- What you should do: Reproduce only the lines below from the line containing "Udenfor kan I" to the line containing "Livertovski Moisey Znamenka, Ukraine", exactly as written, with both end lines kept. Omit the pictures.

- Provided records:
>>>

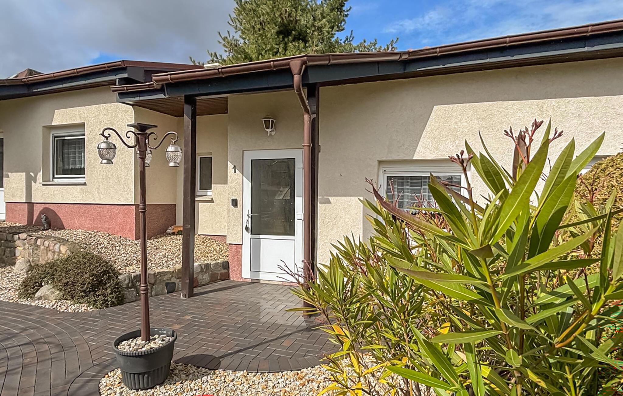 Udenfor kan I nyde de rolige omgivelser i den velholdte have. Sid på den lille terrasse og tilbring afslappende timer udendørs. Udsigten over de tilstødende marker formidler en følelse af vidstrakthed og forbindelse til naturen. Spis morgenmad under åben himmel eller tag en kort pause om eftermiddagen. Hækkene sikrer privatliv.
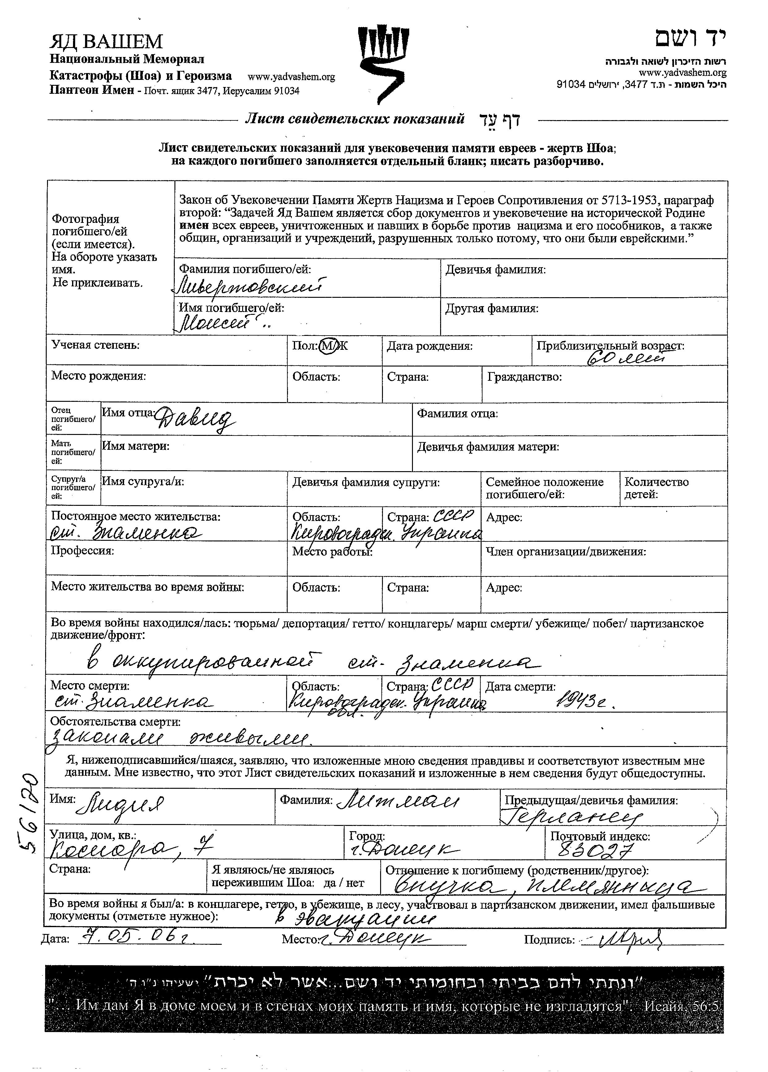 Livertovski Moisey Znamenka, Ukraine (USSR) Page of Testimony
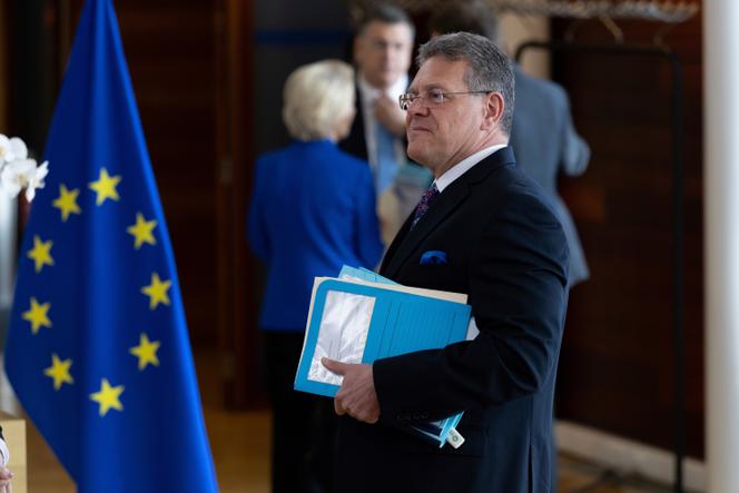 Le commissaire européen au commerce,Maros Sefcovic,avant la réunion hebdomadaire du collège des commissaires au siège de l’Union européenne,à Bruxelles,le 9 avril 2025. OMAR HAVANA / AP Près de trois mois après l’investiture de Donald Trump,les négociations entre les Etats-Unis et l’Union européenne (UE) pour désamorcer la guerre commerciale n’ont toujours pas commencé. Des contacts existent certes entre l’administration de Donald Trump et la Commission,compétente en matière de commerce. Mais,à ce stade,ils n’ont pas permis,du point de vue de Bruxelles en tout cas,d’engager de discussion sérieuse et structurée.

<<<
>>>

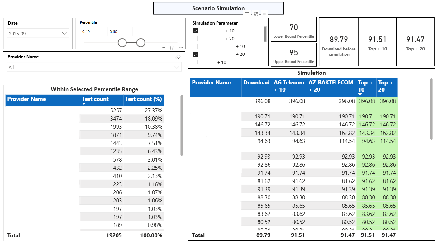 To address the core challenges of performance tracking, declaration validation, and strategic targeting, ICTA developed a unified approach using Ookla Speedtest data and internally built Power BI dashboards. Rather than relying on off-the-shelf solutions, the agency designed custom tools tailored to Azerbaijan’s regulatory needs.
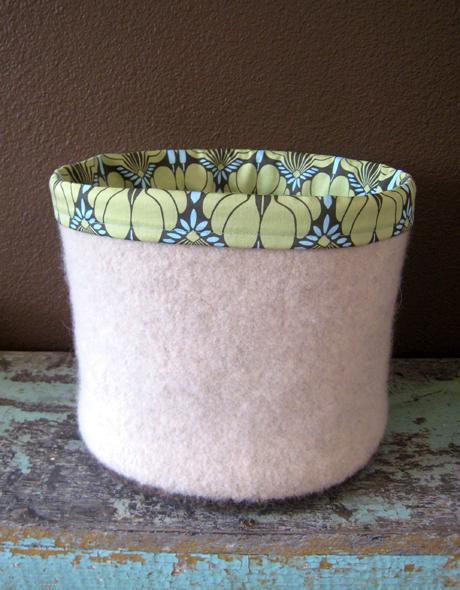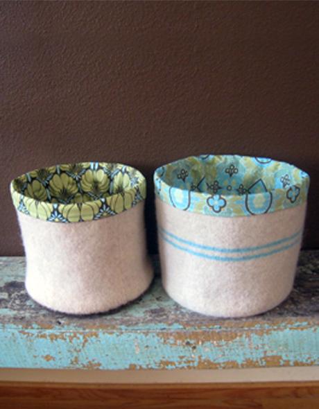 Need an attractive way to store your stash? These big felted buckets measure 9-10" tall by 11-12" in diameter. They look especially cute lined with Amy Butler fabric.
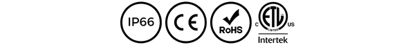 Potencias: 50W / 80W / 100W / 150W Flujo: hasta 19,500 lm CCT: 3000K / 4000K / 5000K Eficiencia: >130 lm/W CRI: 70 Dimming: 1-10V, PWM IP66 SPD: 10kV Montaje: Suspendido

<<<
>>>

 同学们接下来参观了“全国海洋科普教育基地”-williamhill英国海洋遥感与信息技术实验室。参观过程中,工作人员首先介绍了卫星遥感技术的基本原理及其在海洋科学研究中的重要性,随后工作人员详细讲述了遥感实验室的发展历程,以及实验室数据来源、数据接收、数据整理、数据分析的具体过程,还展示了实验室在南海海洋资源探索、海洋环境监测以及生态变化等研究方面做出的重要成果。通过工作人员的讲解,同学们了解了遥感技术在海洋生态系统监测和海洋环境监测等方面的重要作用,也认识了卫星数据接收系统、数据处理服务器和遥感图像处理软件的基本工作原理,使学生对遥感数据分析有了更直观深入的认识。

<<<

- Response box:
 Udenfor kan I nyde de rolige omgivelser i den velholdte have. Sid på den lille terrasse og tilbring afslappende timer udendørs. Udsigten over de tilstødende marker formidler en følelse af vidstrakthed og forbindelse til naturen. Spis morgenmad under åben himmel eller tag en kort pause om eftermiddagen. Hækkene sikrer privatliv.
 Livertovski Moisey Znamenka, Ukraine (USSR) Page of Testimony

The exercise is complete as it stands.